Our approach to network building
A key approach to achieving our goals is to cultivate decentralised ‘impact networks’ in the grassroots, the ‘grasstops’ (national NGOs) and among organisations and individuals in the narrative and cultural spheres, ultimately connecting these networks into a ‘movement network’.
An impact network is a decentralised, interconnected system of individuals, organisations, and groups working collaboratively toward a shared purpose. Unlike traditional hierarchical structures, impact networks harness relationships, trust, and distributed leadership to drive large-scale social and systemic change (see Impact Networks by David Ehrlichman for more details).

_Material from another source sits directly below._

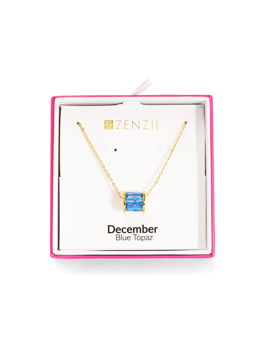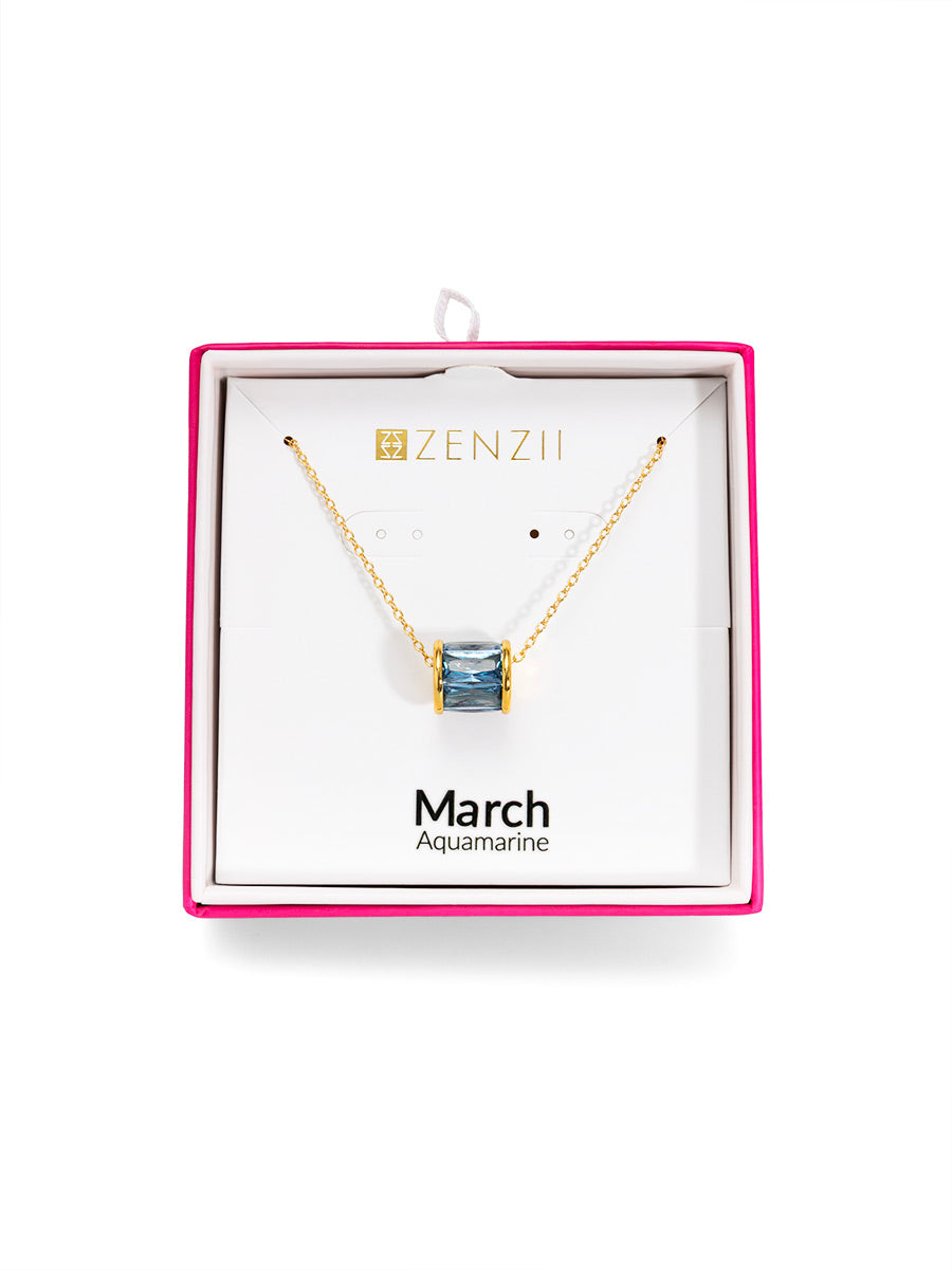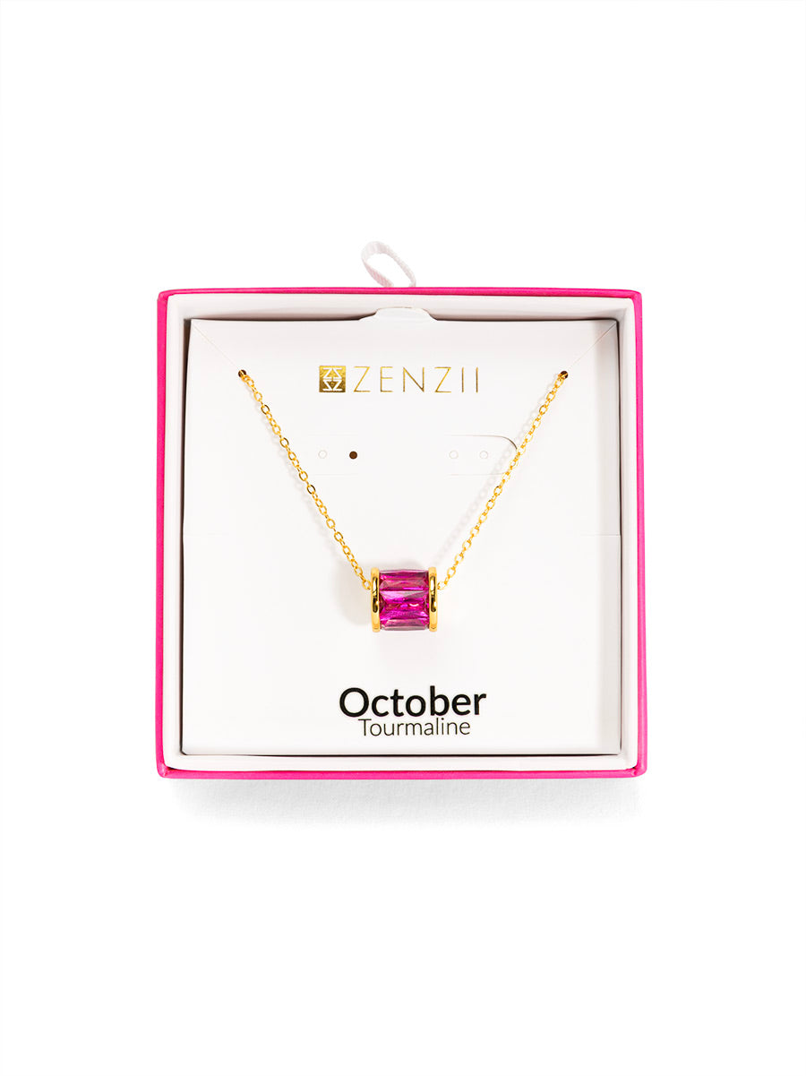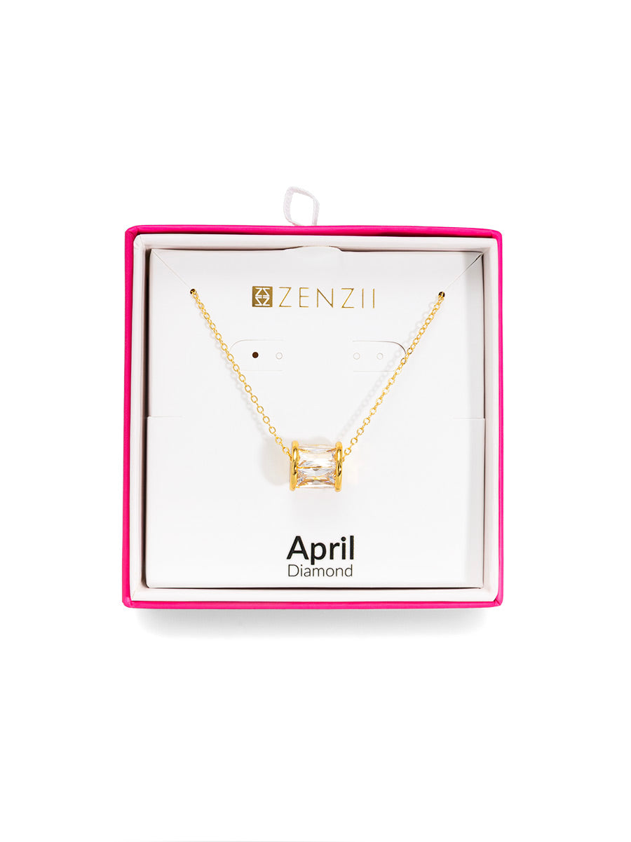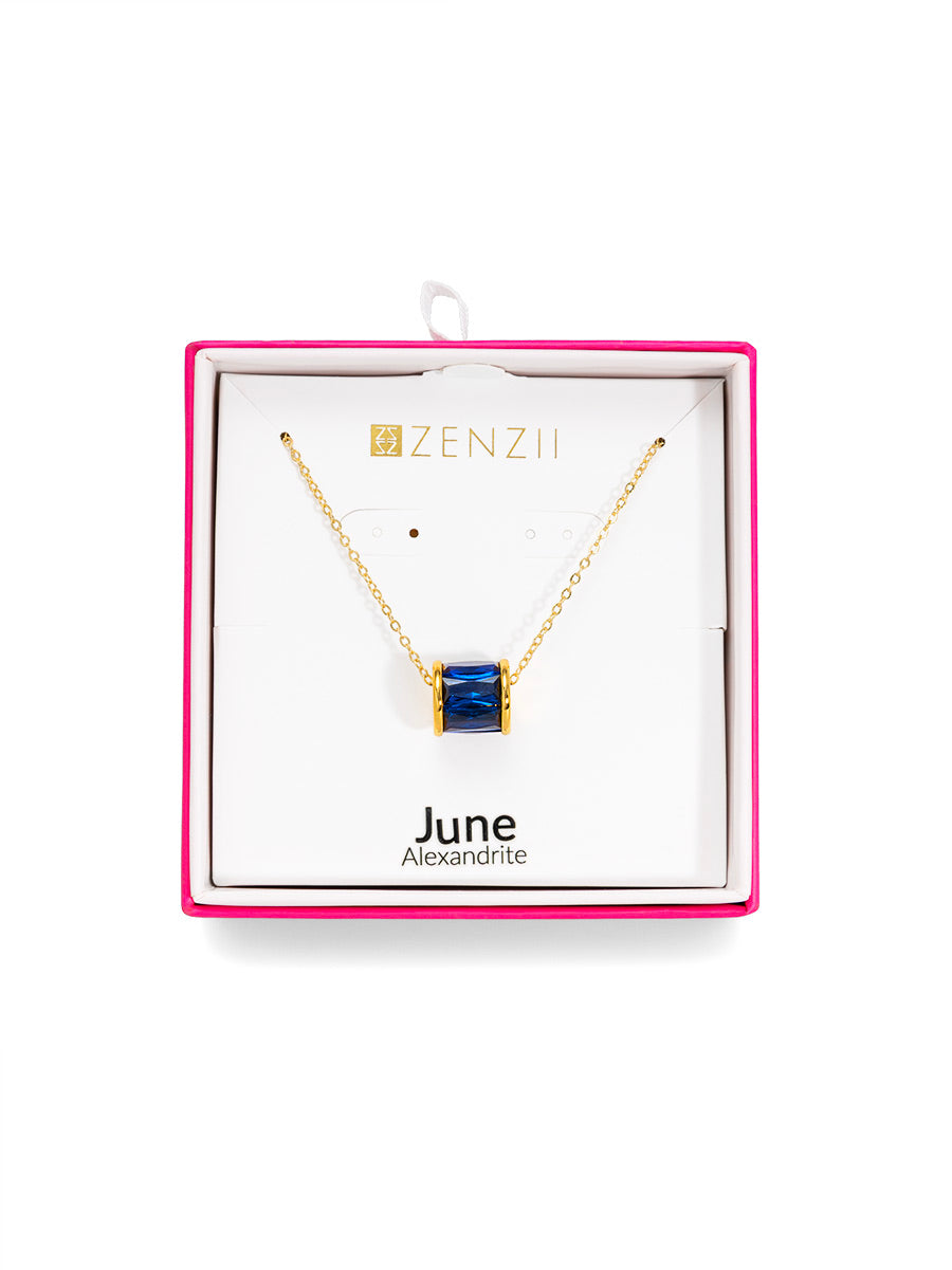 A delicate necklace featuring a faceted birthstone-inspired charm framed in polished gold.

By taking an impact network approach which centers decentralised, collaborative, and emergent ways of organising, we can support the UK animal freedom movement to build collective power while maintaining autonomy and flexibility.
Core Elements of the impact network approach applied to the Animal Freedom movement
Weaving Connections Across the Movement
The movement is currently fragmented, with grassroots groups and NGOs often working in silos
Impact networks thrive on deep, trust-based relationships, making collaboration more effective.
A network weaver role is essential to connect these groups, fostering trust and enabling cross-pollination of ideas, resources, and strategies over time.
2. Shared Purpose and Emergent Strategy
Network participants align around a common goal (e.g., animal freedom), but strategies evolve organically through collective learning and experimentation.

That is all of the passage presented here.